I’m still going to use the display:block though.

What does this mean? Can strict be too strict or get buggy in a way?

Here it is loaded up: http://www.cadillacmargarita.com/

Am I ok to use this as my template to make more pages? Did I fix the menus right?

It looks flush in the Dreamweaver design window.

The best thing you will ever do in your web design career is you will ignore any Design view given to you by anything that is NOT a browser. Even if it is based on a browser. Nobody surfs the web with InDesign or Dreamweaver. You will have all your testing browsers open, make a change in your code, then f5 f5 f5 f5 all of them.

I have tried:


#header {
	
     height:192px; /*120px total with padding*/
   padding:0px 0;/*uncollapse child margins with vertical padding*/
    display:block
}

The #header was already a block. It’s a div.

The IMAGE needs to be block (or change vertical-align but you are using it like a block here anyway).

#header img {
target the image itself, it’s inline!;
}

As a note:
padding:0px 0;/uncollapse child margins with vertical padding/

So far as I know, there does have to be at least 1px of actual padding to combat margin collapse… but you don’t have that issue anyways here… no margins on children.

Ok…this is interesting…

Changing the DOCTYPE info from:
(strict) to: (transitional)
makes the image go flush with the margin even without the “display:block” in the #header

Firstly, without display: block nothing changes, because you were calling a block (#header div) display: block.

You can keep Strict if you actually target the image itself as above.

Transitional can change some ways browsers render things though usually the biggest differences are between Complete Doctype and Quirks Mode. But, tranny doctypes also let in the garbage.

The only time I’ve used Tranny on a production page was when I was still using target=“_blank” to prevent loss of form information (before we had session IDs), because it was more honest than a Strict doctype and target. : )

What does this mean? Can strict be too strict or get buggy in a way?

I’d say no. Not with HTML.

Ok…I wasn’t doing that correctly at first. I am targeting it inline and using strict AND IT’S WORKING! Cool!! Thank you guys so much for your time, patience, and detailed help.

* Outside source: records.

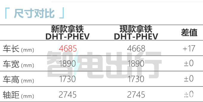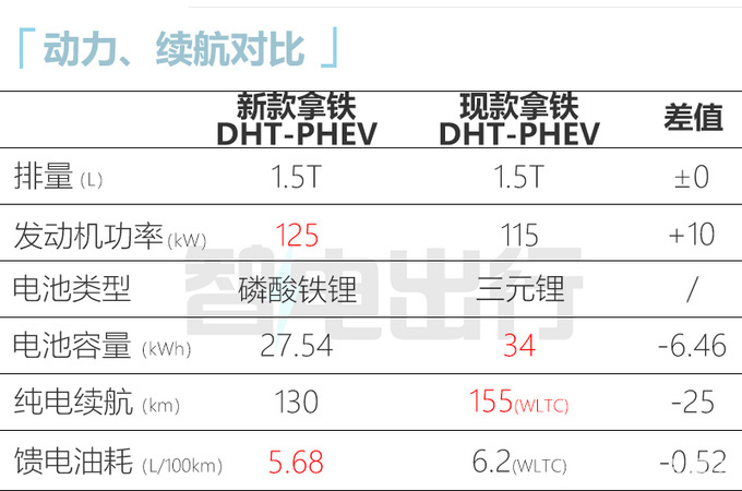 新拿铁DHT-PHEV搭载的1.5T发动机最大功率为125kW,净功率为122kW。新车搭载容量为27.54kWh的磷酸铁锂电池组,纯电续航为130km。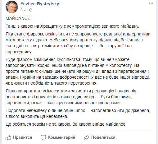 "(Эта акция) будет фарсом примирения общества, потому что вы не сможете предложить никакого другого ответа на вопрос михопротеста. На простой вопрос: сколько еще ждать решительных действий власти по преобразованию и власти, и страны на основе добродетели. У вас не будет другого ответа, кроме как признать необходимость такого преобразования. Если вы хотите всеми силами защитить революцию и власть от авантюристов и популистов, есть только один выход - быть большими, настоящими, а значит - конструктивными революционерами... Это делается вовсе не за кофе. За кофе получится майdance", - подытожил Быстрицкий.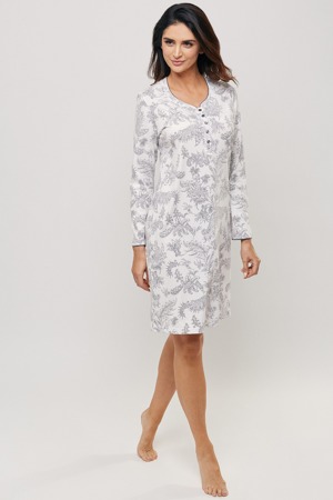 Efektní, dlouhá dámská košilka z viskózy 94% a příměsí elastických vláken. Na poprsí jemné řasení. V horní linii a pod poprsím síťovina s květinovou výšivkou. Úzká, elastická, nastavitelná ramínka.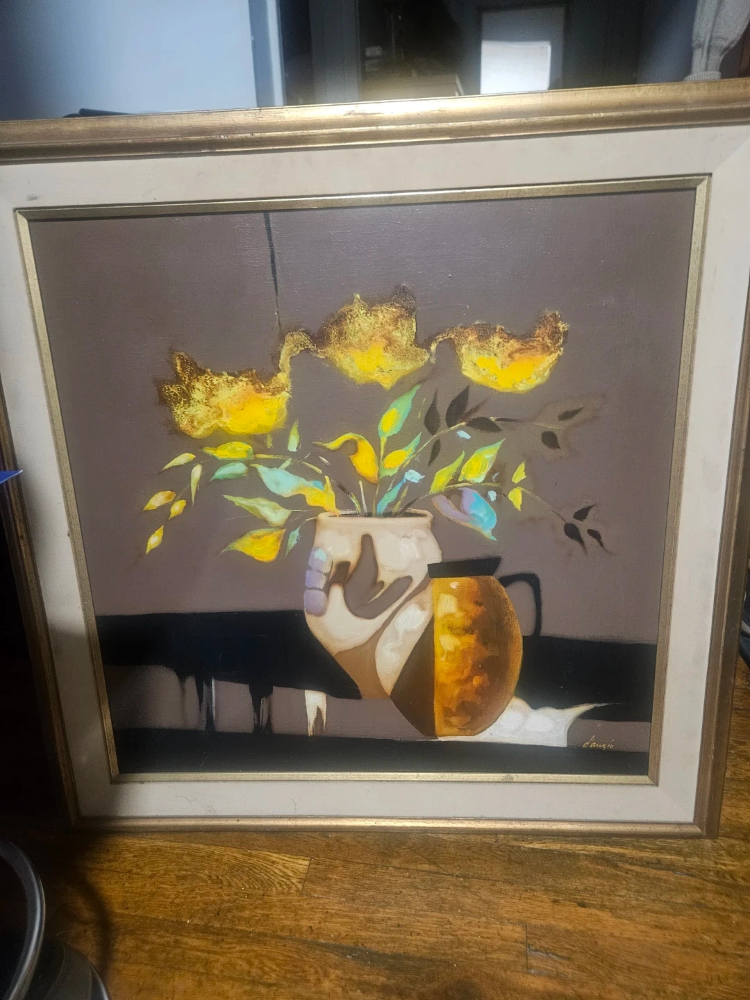 This is an original oil painting depicting flowers in a beige vase. It's framed and ready to hang. The artwork is signed by the artist and was custom framed in Culver City, Calif. It's a beautiful piece that would add color to any room! SIGNED. d.anzio. 37.5" x 38.05"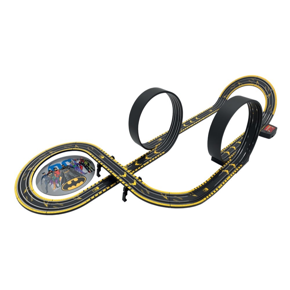 Batman and Joker have been adversaries since the first ever Batman comic over 80 years ago, and in this Batman vs Joker set the race for Gotham City is on! This set contains everything you need to race Scalextric, including two-character cars, a battery-operated powerbase (batteries not included), 5.7 metres of track including 2 loop-the-loops and a half pipe which can create 12 unique layouts, and 2 easy speed limiting hand controllers.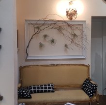 Nei nostri quattropassi per il Fuorisalone, abbiamo colto quest’immagine in cui ci sono strane piante (a proposito anche le Tillandsie, piccoli “ragni” vegetali, possono fiorire!) in una vecchia cornice di chi sa quale dipinto, sopra un divanetto vintage che invita a momenti di pensoso relax.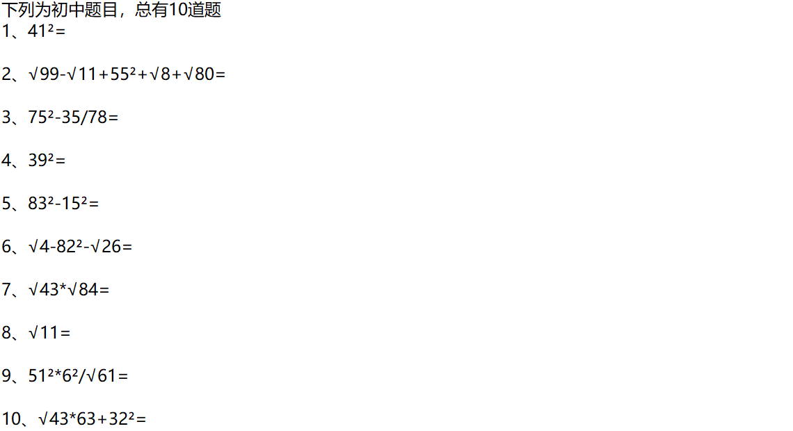 public void GeneratingSeniorProblem() { //生成高中题目的函数 String[] lOperator=new String[] {"+", "-", "*", "/" }; String[] mOperator=new String[] {"²", "√" }; String[] hOperator=new String[] {"sin", "cos", "tan"}; Date now = new Date(); SimpleDateFormat format = new SimpleDateFormat("yyyy-MM-dd-HH-mm-ss"); String NowTime = format.format( now ); FileWriter writer; String str="下列为高中题目,总有"+m_cnt+"道题\r\n"; Random random = new Random(); for(int i=0;i<m_cnt;i++) { str+=i+1+"、"; int number=random.nextInt(5)%5 + 1; //生成一个1~5的随机数 String[] operand=new String[number]; int rd=random.nextInt(99)+1; int onezero=random.nextInt(3); operand[0]=hOperator[onezero]+rd; for(int j=1;j<number;j++) //获得number个0--99的数字及²、√、sin、cos、tan组成的字符串 { rd=random.nextInt(99)+1; onezero=random.nextInt(8); if(onezero>4) { operand[j]=""+rd; continue; } else if(onezero==3) { operand[j]=rd+mOperator[onezero-3]; continue; } else if(onezero==4) { operand[j]=mOperator[onezero-3]+rd; continue; } operand[j]=hOperator[onezero]+rd; } int j=random.nextInt(number); for(int n=0;n<number-1;j++,n++) { int temp=random.nextInt(4); str+=operand[j]+lOperator[temp]; if(j==number-1) j=-1; } str+=operand[j]+"="+"\r\n\r\n"; } try { String root="src/"+m_username+"/"+NowTime+".txt";; writer = new FileWriter(root); writer.write(str); writer.flush(); writer.close(); } catch (IOException e) { e.printStackTrace(); } }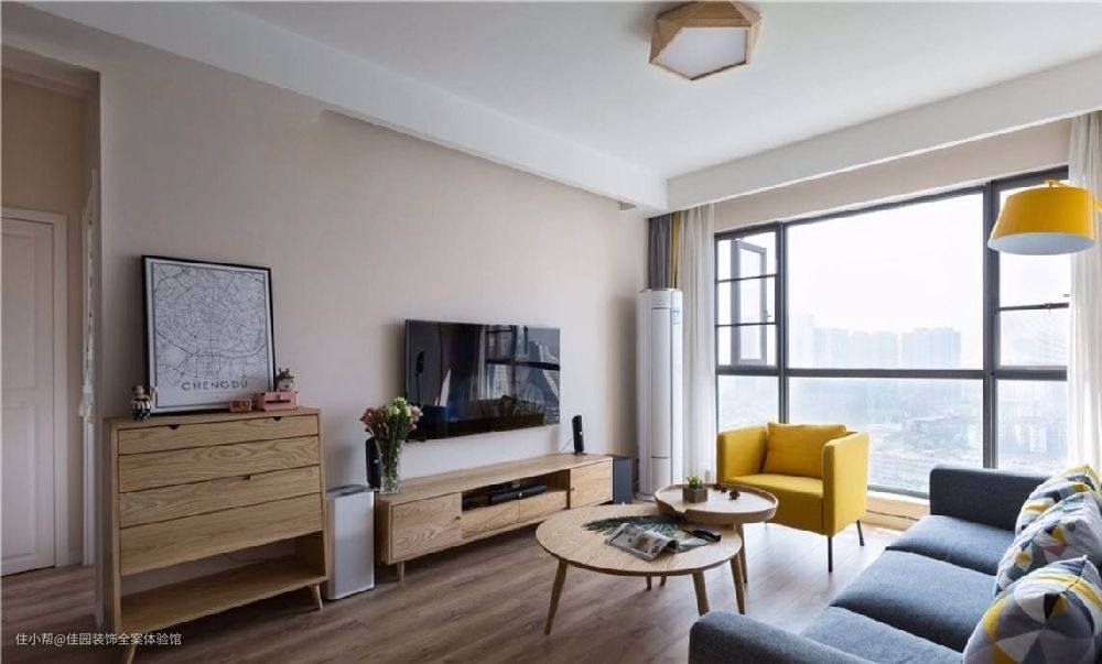 整个客厅多为原木色家具,深灰色三人沙发和柠檬黄单人沙发都来自宜家。业主喜欢落地灯,于是在软装中选择了柠檬黄的户型落地灯。原本电视墙设计的是白色文化装,但是业主觉得比较常见,希望更为简洁的电视墙,最后改成了无造型电视墙,在后期软装上添加了实木矮柜,装饰画和摆件。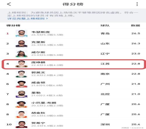 值得关注的是,本赛季截止前5轮,作为选秀大会探花签的庞峥麟,场均22.8分3.6篮板4助攻,投篮命中率59.4%、三分命中率50%。而场均22.8分,排在全联盟第4位。对于一名CBA一年级生来讲,这表现堪称逆天。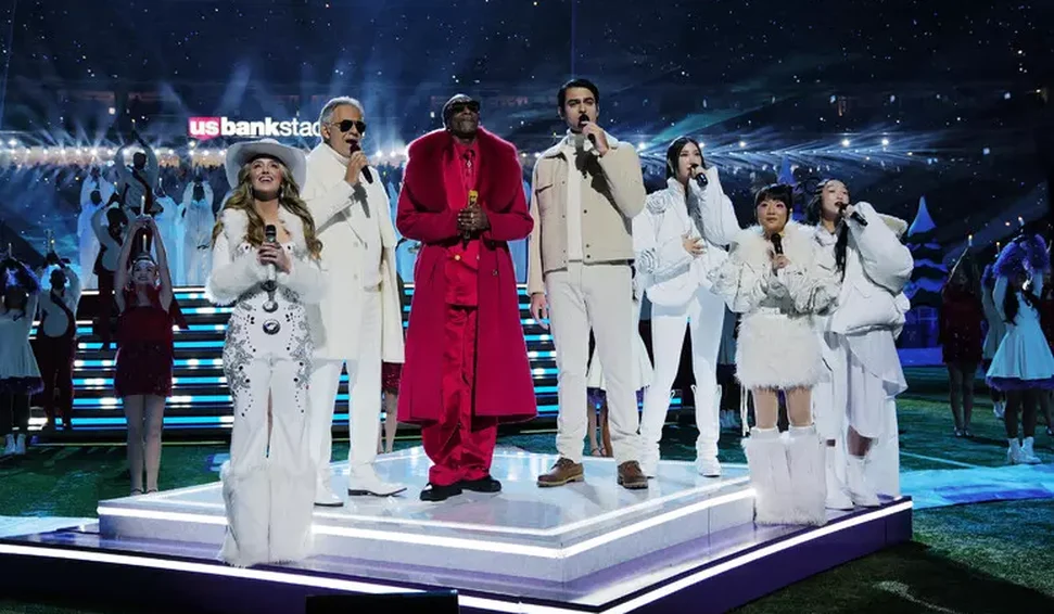Os dois cantores fizeram uma emocionante apresentação de "White Christmas" no espetáculo liderado pela lenda do rap americano Snoop Dogg, ajudando a confirmar a tradição do "Super Bowl de meio de temporada", iniciada com sucesso em 2024, quando o show coube à diva pop Beyoncé.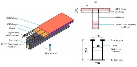 The introduction of narrow-width steel box girders offers a new structural option for concrete composite beam bridge systems. However, there is ongoing development in the design improvement of narrow-width steel box girders. Within the composite continuous beam system, the negative bending moment tends to concentrate close to the cross-section of the central support [] and the conventional steel–concrete composite section of the concrete wing exhibits signs of separation and fracturing []. It fails to effectively fulfill its role in withstanding external forces, with the steel beam predominantly situated within the compression zone of the section, leading to overall stability concerns. Consequently, a densely packed narrow steel box–concrete composite continuous beam, illustrated in Figure 3, is proposed. This configuration typically comprises reinforced concrete wing plates, narrow steel boxes partially filled with concrete, and shear connectors facilitating shear force transmission. The densely packed narrow steel box–concrete composite continuous beam constitutes the interconnection of the concrete wing plate and the concrete-filled steel box beam via shear connectors []; given that the steel box adjacent to the side support, middle support, and negative moment region experiences significant shear forces, it may be infused with concrete to augment the coaction between the steel box and enhance the flexural and shear strength within this segment. The concrete wing slab in the negative moment zone of the densely packed narrow steel box and the concrete composite continuous beam are subjected to tensile forces. In the case of the NC (ordinary concrete) wing slab in the negative moment zone, it is suboptimal to postpone the initiation of initial cracking [], while the concrete wing slab of the composite beam retains an ideal reserve of strength and stiffness after cracking; it is imperative to mitigate the accelerated corrosion of steel bars following cracking []. Minimizing crack propagation in the negative moment zone during normal usage is imperative. Moreover, the swift advancement of research on ultra-high-performance concrete (UHPC) has captivated the interest of numerous scholars owing to its exceptional mechanical properties. Mo [] pioneered the utilization of UHPC wing plates, replacing conventional NC (ordinary concrete) wing plates, in the negative moment region of composite beams. This innovative approach effectively addressed the issue of cracking observed in narrow steel box girder wing plate concrete.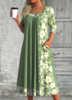 Green Patchwork Floral Print Long Sleeve Scoop Neck Dress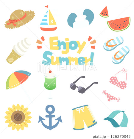 夏のイラストアイコンセット/ポップで明るい季節素材(線なし)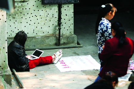 前日,網(wǎng)友“壞豬”在大渝網(wǎng)新聞報(bào)料吧上,以《史上最拉風(fēng) 收廢品女》為名發(fā)帖報(bào)料!皦呢i”在帖子中稱,前日上午,他剛好從該居民樓前經(jīng)過(guò)時(shí),隱約看到樓梯口有一黑影,轉(zhuǎn)頭查看,眼前的景象將他雷得“外焦內(nèi)嫩”:一身穿黑衣的女子,背靠墻壁席地而坐,身前放著一個(gè)寫有“專業(yè)回收”的廣告布,她對(duì)過(guò)往市民毫不理會(huì),而是專心敲打放在其大腿上的筆記本電腦。“我還從來(lái)沒(méi)看到過(guò)哪個(gè)收廢品的有這個(gè)女的這么潮!太拉風(fēng)了噻”。

I really appreciate it.

Yes as Stomme said you misread my original reply and missed the vital ingredient :slight_smile:

Using a transitional doctype changes the way the page is rendered as it tries to preserve legacy behaviour. Some people say that a transitional doctype is akin to saying to the browser " if I make mistakes then try to second guess what they should be". The result is that the browser tries to guess what you meant when it encounters errors.

e.g. If you said height:20 instead of height:20px you may find that some browsers would guess that you meant pixels and apply the measurement as pixels. The fact that you may have meant ems just makes matters worse. Instead of ignoring the rule you get a half right version instead.

Therefore developers prefer to work with browsers that do what they are told and if you tell them nonsense they just ignore it and you have to give them the correct code instead. That’s why you should always use a strict doctype these days and use valid code and then you can reliably project the outcome.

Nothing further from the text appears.